CHAPTER EIGHT

Angela Clinton was scheduled to be released from prison on parole in less than a month, and the pending event loomed over them all like a storm cloud on the horizon. Each of her sisters seemed to be handling the situation in their own way. To help her process through her own myriad of emotions, Juliette had initiated contact with Angela via letters, and the two had been writing back and forth for over a year. Last summer, Angela had informed Juliette of her pending release, and had asked if the sisters might be willing to get together with her once she had settled back in Midtown. Renata had been hesitant at first, but had eventually agreed that getting together with Angela would bring a sense of closure, if nothing else. She hadn't known Angela the way Juliette had, so she didn't feel the same obligation Juliette did to repair a broken relationship. Phoebe, on the other hand, had encouraged Juliette, and subsequently Renata, to do whatever they needed to do to heal, but had remained uncharacteristically resolute about not wanting to connect with Angela. Ever.
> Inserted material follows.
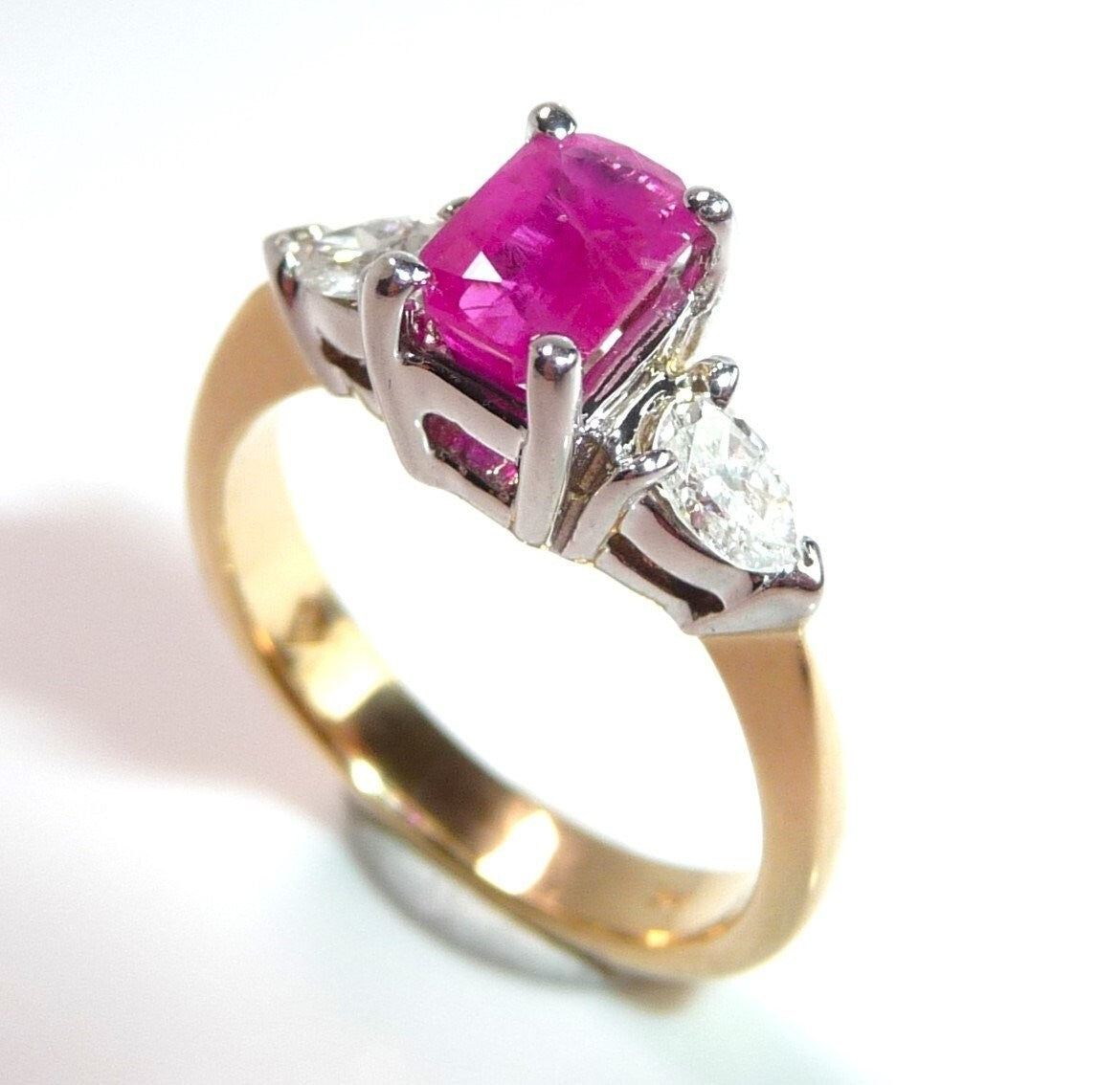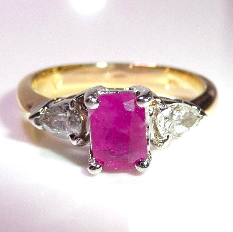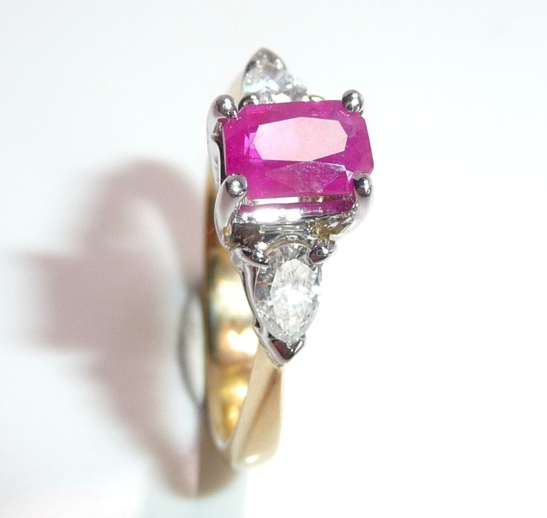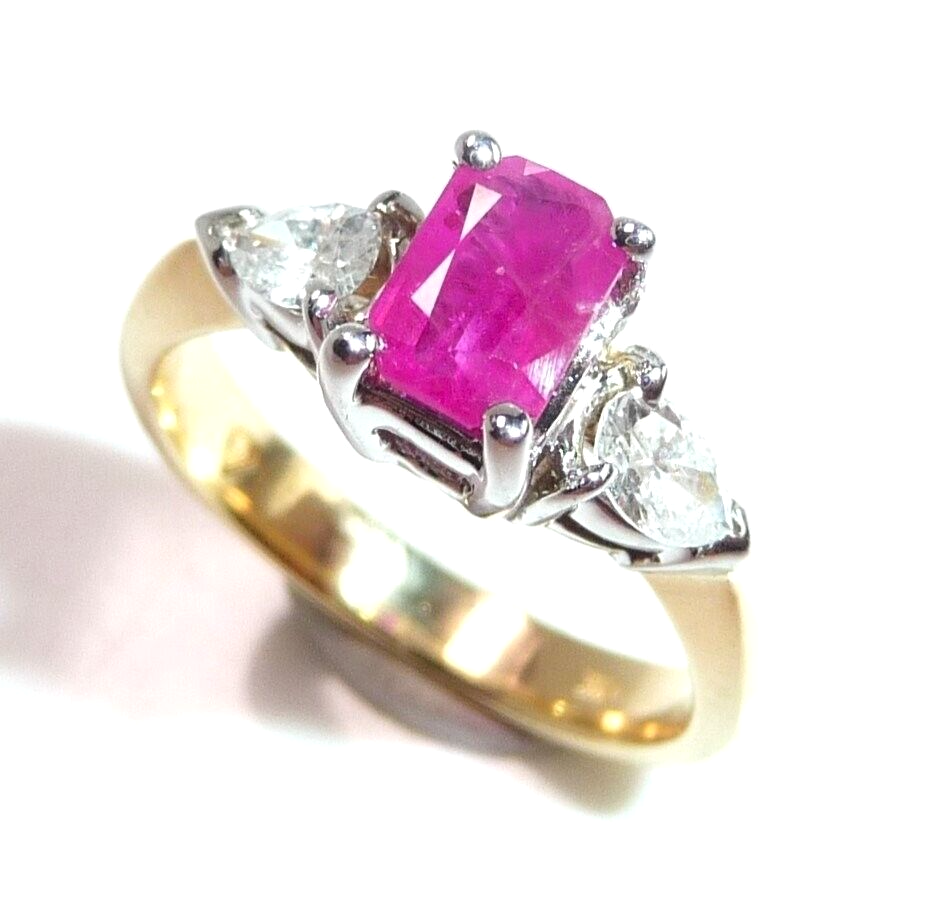 Ring in 585 / 14 K Gelbgold mit Akzenten in Weißgold im Ringkopf. Das Design ist quer zum Finger arrangiert. Eingefasst ist ein Rubin im Smaragdschliff von 0.75 ct. mit den Maßen 6 x 4 mm und einer Tiefe von 3,2 mm. Die Ringschultern sind verziert mit je einem Diamanten im Tropfenschliff oder auch Birnkern-Schliff (Pear Cut). Jeder dieser Diamanten hat 0.15 ct. (G-H/SI).

Then, a little over a month ago, through a series of remarkable circumstances, Phoebe was introduced to Alice Masters, Angela's mother. She'd discovered a woman who had also endured devastating loss and grief because of the tragic accident. Alice and Phoebe had forged a fragile connection, and now, between Juliette's pen pal friendship with Angela, and Phoebe's developing relationship with Alice, it seemed inevitable that the two families—what was left of them, anyway—would converge at some point in the near future. Gia knew all three of her sisters, each in their own way, were looking forward to meeting Angela Clinton.
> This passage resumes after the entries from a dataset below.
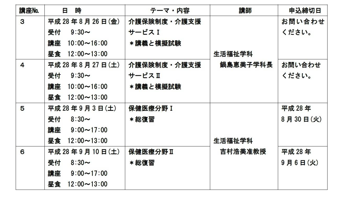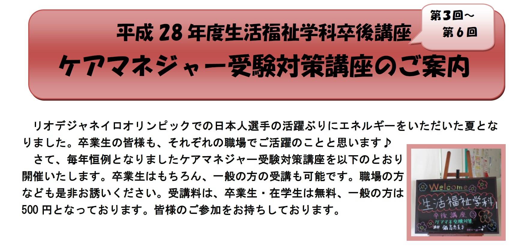 平成28年度生活福祉学科卒後講座第3回~第6回 ケアマネージャー受験対策講座のご案内
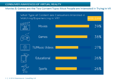 人々がVR体験に最も関心のあるコンテンツに関しては、Futuresourceの調査によると、映画やゲームである。それらがコンテンツリストの中で最も高く、サンプル消費者の39%がVRの映画体験に興味があった。一方38%がVRゲームに興味があった。
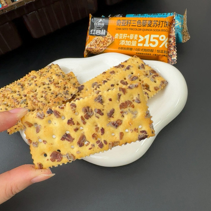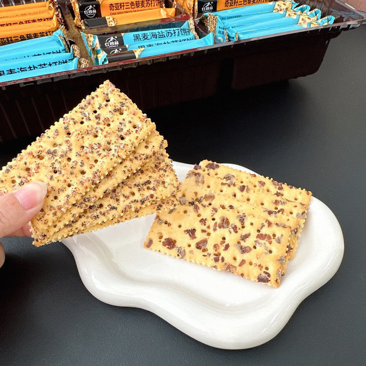 【温馨提示】(关于产品特性需要注意的问题和使用注意事项等)黑麦海盐苏打饼干,属于易碎产品,已经在包装上做了多次防撞措施,收到可能会有小碎情况,还请见谅。黑麦脆是机器按照比例撒哒,每块饼干上的黑麦脆不是很均匀,不是售后标准,还请见谅。

However, Gia felt completely detached from the situation, although she couldn't bring herself to admit as much to the rest of her family. Her sisters assured her that she, too, had been a mess, had cried at night, had begged to go home to her own house. They told her how she'd started wetting the bed again, and how she'd refused to eat anything unless it was served in the Little Mermaid dishes her parents had given her for a birthday present a few months before they'd died. How she'd religiously worn her daddy's tie and incessantly rubbed the end of it until it was just a frayed tassel that kept getting shorter and shorter as time went by. How she'd cried when it wasn't long enough to knot around her neck anymore. But Gia couldn't remember any of that. Even though she'd been well old enough to have memories of those months before and following her parents' deaths, she simply couldn't dredge them up. And so, in light of having no real concept of the loss and the grief that accompanied the loss, she also believed she harbored no bitterness or lack of forgiveness toward Angela. She simply felt no compulsion to connect with the girl, not even for the sake of resolution.

As far as Gia could determine, she had no unresolved issues with Angela. Her unresolved issues were much closer to home.

In fact, it was only a sense of familial obligation that drove her decision to agree to meet with Angela upon her release. If not for Juliette's desire to do so, Renata's need for closure, and Phoebe's curiosity about Angela's part in the connection she and Alice Masters shared, Gia could have gone her whole life without ever knowing what became of the Angela Clinton Gia didn't know who took the lives of the parents Gia didn't remember.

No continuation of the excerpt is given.